A recent survey of over 800 factories in Asia has discovered a slight downward turn in production. At the same time, material suppliers have been caught by surprise and have excess of materials on hand as they have been forecasting for marginal growth.

“We see this as a temporary downturn in orders coming into Asia, but it creates a short-term advantage for American brands that are looking to increase production and save on certain items,” said Ed Ring, COO of DirecSource, an international trading company that connects brands to a wide network of raw material suppliers and factories in Asia.

The official purchasing managers’ index (PMI) – based on a survey of 820 manufacturers – dropped to 50.4 in October from 51.2 in September, the China Federation of Logistics and Purchasing said in a statement issued this week.

Ring said DirecSource has a network of suppliers and factories throughout Asia that it works with on a daily basis to produce a wide range of hard goods and soft goods and is able to negotiate prices on behalf of its customers resulting in the most competitive prices for its customers.

“Typically, when there is a slowdown like this among factories in China we’re able to help our customers trim costs on some existing product lines and often it presents a window of opportunities for those who are thinking about a product line extension.”

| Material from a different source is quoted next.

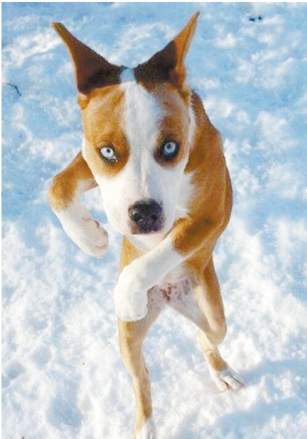
不要过来,我练过功夫的

China’s economic growth eased to 9.1 per cent in the third quarter from 9.5 per cent in the second quarter as government efforts to tame inflation, as well as economic turbulence in Europe and the United States, curbed activity.

“The fall in the October PMI indicates that economic growth is likely to slow further in the future,” Zhang Liqun, a government analyst, said in the statement.
Premier Wen Jiabao indicated last week that the government might relax tight credit restrictions as small exporters struggle to pay their bills and falling property sales threaten to drive debt-laden developers to the wall.

In the meantime, according to Ring, there are opportunities for many brands to save some money as factories look to keep their production lines moving.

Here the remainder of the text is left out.